Without copying any picture, transcribe exactly the lines of the data below from the one containing "Puis je grimpe;" through the one containing "alarm. Continuing the".
__________
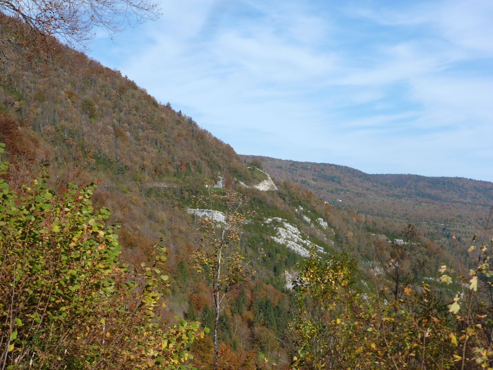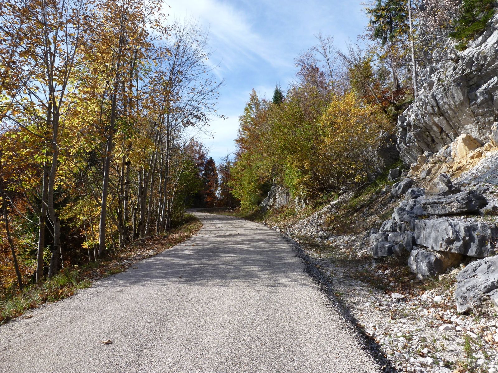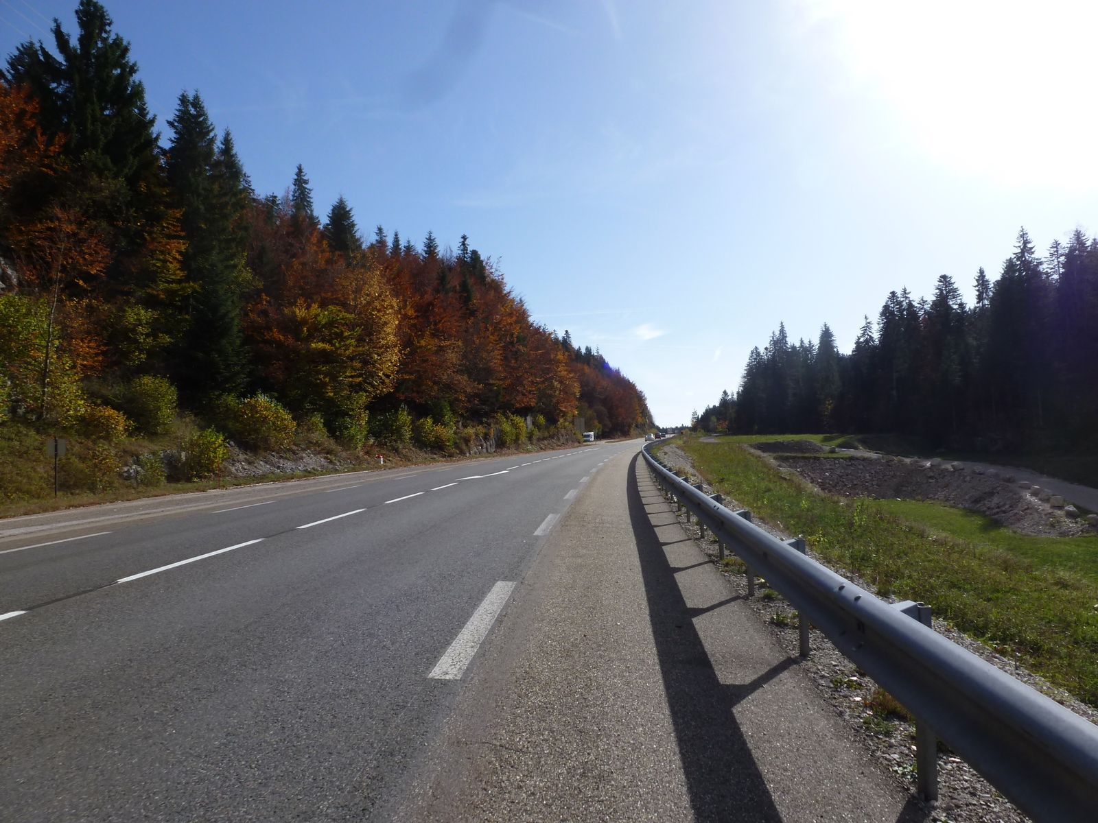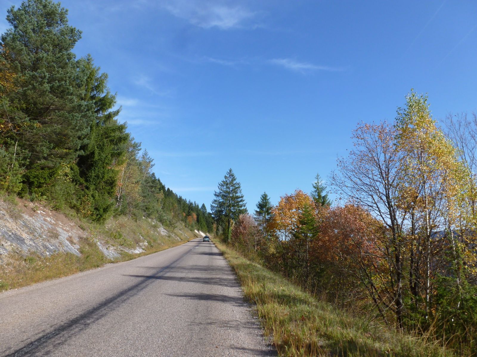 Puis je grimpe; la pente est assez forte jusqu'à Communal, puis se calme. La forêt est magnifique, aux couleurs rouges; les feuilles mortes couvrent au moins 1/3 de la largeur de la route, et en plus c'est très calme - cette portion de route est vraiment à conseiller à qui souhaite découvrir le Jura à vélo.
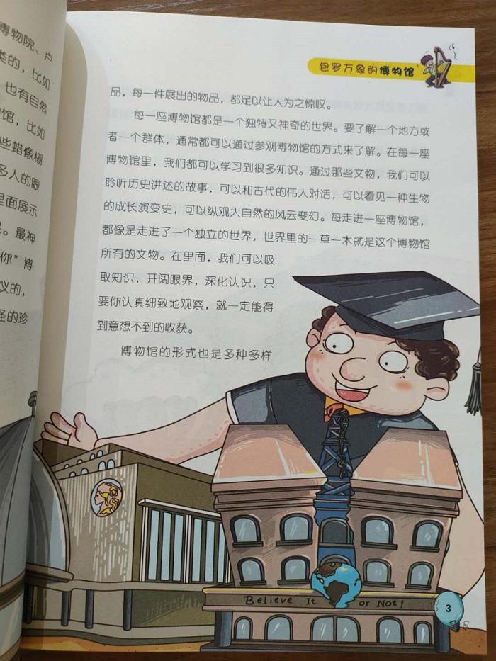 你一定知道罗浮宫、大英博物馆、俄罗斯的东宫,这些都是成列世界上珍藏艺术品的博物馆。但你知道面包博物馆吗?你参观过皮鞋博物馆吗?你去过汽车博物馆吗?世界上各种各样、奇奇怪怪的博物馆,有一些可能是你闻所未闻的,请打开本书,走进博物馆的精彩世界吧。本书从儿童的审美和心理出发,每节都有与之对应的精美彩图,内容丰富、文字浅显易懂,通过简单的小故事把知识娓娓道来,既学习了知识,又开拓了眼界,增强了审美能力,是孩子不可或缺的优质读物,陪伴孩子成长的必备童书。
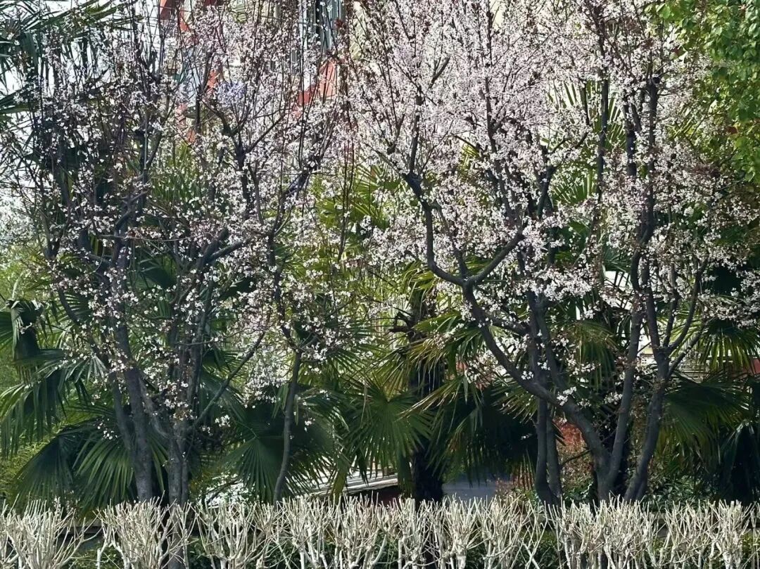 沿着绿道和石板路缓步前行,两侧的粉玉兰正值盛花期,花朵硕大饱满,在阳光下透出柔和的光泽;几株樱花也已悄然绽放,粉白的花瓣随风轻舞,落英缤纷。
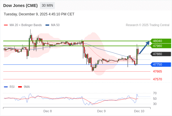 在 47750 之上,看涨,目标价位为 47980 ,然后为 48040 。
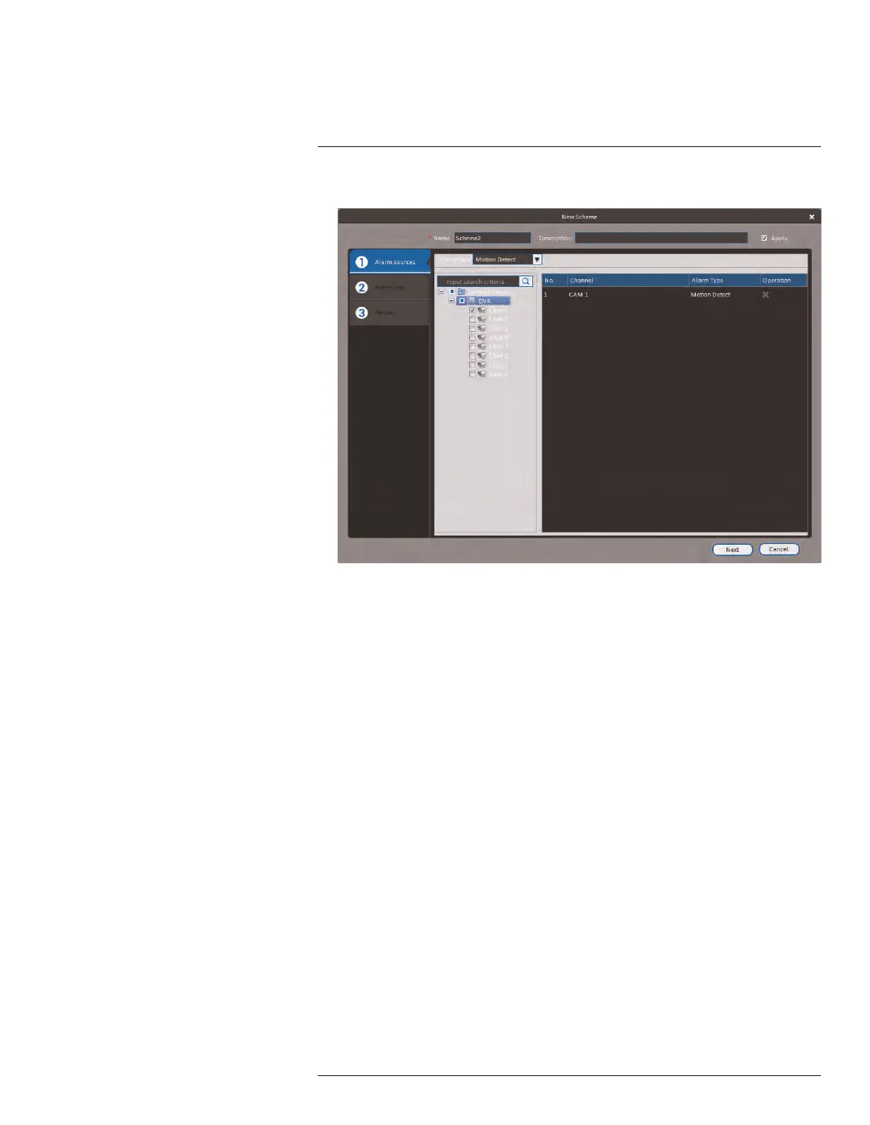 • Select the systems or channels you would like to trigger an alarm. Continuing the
__________
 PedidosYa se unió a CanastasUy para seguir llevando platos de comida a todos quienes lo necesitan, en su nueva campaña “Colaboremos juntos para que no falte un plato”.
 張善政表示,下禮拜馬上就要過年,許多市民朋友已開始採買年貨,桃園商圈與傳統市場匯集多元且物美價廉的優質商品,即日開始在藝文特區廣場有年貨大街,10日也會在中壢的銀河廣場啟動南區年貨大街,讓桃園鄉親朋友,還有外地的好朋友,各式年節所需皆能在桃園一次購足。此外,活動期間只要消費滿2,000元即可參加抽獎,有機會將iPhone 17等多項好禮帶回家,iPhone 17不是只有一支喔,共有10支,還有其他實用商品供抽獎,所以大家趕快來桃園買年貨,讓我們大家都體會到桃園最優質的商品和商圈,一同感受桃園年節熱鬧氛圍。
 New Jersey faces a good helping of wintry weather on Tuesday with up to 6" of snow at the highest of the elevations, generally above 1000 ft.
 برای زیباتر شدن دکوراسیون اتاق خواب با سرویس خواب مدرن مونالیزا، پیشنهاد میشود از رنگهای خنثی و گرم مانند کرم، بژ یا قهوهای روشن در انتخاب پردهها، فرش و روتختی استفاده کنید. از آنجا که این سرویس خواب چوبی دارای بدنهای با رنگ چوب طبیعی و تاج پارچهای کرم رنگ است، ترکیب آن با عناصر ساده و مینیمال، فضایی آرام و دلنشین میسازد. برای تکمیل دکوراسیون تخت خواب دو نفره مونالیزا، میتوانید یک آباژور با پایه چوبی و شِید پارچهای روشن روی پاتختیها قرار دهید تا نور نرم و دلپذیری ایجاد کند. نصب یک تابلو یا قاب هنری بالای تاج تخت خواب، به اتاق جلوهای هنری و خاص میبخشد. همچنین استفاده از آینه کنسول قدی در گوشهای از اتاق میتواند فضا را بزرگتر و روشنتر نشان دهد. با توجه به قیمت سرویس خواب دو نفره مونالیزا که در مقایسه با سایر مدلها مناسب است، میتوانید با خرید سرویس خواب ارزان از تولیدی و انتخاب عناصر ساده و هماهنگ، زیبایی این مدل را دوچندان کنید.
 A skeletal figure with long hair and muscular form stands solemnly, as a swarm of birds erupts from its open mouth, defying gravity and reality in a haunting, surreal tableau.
__________
**ANSWER SECTION**
 Puis je grimpe; la pente est assez forte jusqu'à Communal, puis se calme. La forêt est magnifique, aux couleurs rouges; les feuilles mortes couvrent au moins 1/3 de la largeur de la route, et en plus c'est très calme - cette portion de route est vraiment à conseiller à qui souhaite découvrir le Jura à vélo.
 你一定知道罗浮宫、大英博物馆、俄罗斯的东宫,这些都是成列世界上珍藏艺术品的博物馆。但你知道面包博物馆吗?你参观过皮鞋博物馆吗?你去过汽车博物馆吗?世界上各种各样、奇奇怪怪的博物馆,有一些可能是你闻所未闻的,请打开本书,走进博物馆的精彩世界吧。本书从儿童的审美和心理出发,每节都有与之对应的精美彩图,内容丰富、文字浅显易懂,通过简单的小故事把知识娓娓道来,既学习了知识,又开拓了眼界,增强了审美能力,是孩子不可或缺的优质读物,陪伴孩子成长的必备童书。
 沿着绿道和石板路缓步前行,两侧的粉玉兰正值盛花期,花朵硕大饱满,在阳光下透出柔和的光泽;几株樱花也已悄然绽放,粉白的花瓣随风轻舞,落英缤纷。
 在 47750 之上,看涨,目标价位为 47980 ,然后为 48040 。
 • Select the systems or channels you would like to trigger an alarm. Continuing the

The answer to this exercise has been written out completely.